Given the records underneath, please repeat exactly the lines from the line with "Que vous utilisiez" through the line with "洛杉矶和凤凰城Ping速度对比", passing over any picture.

# Extracted entries:
● ● ●
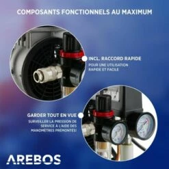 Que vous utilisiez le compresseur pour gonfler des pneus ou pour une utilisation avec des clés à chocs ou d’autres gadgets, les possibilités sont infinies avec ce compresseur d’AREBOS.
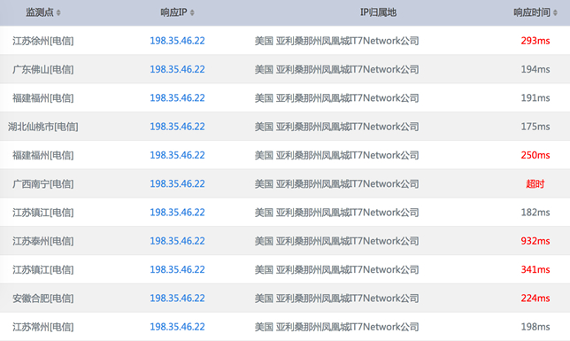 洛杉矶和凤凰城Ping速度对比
● ● ●
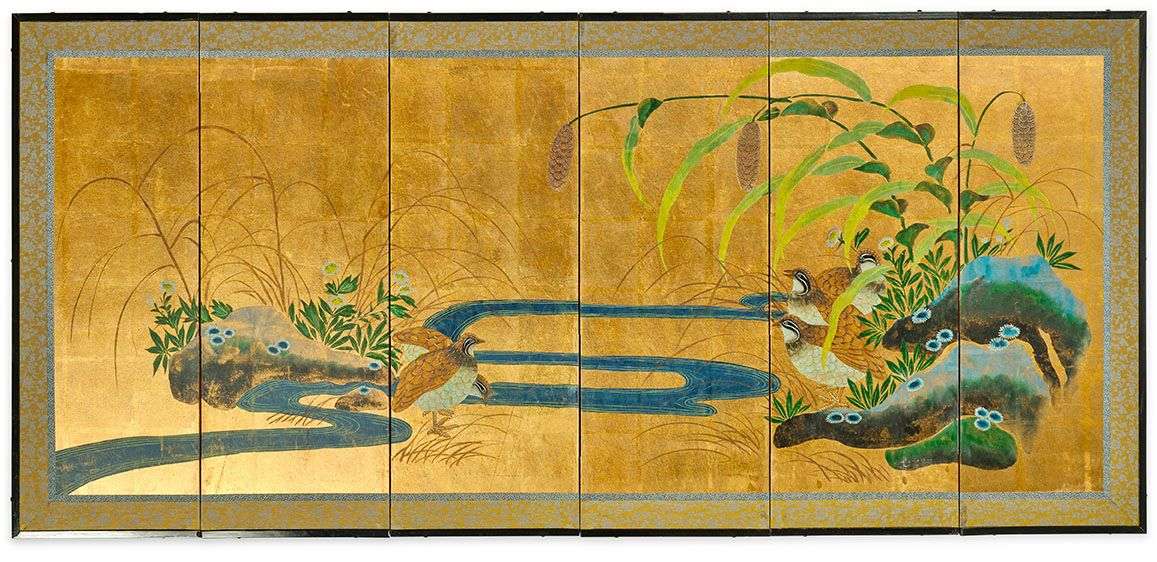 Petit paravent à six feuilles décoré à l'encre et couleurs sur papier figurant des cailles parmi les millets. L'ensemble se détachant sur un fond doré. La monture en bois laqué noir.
● ● ●
# Response to this exercise:
 Que vous utilisiez le compresseur pour gonfler des pneus ou pour une utilisation avec des clés à chocs ou d’autres gadgets, les possibilités sont infinies avec ce compresseur d’AREBOS.
 洛杉矶和凤凰城Ping速度对比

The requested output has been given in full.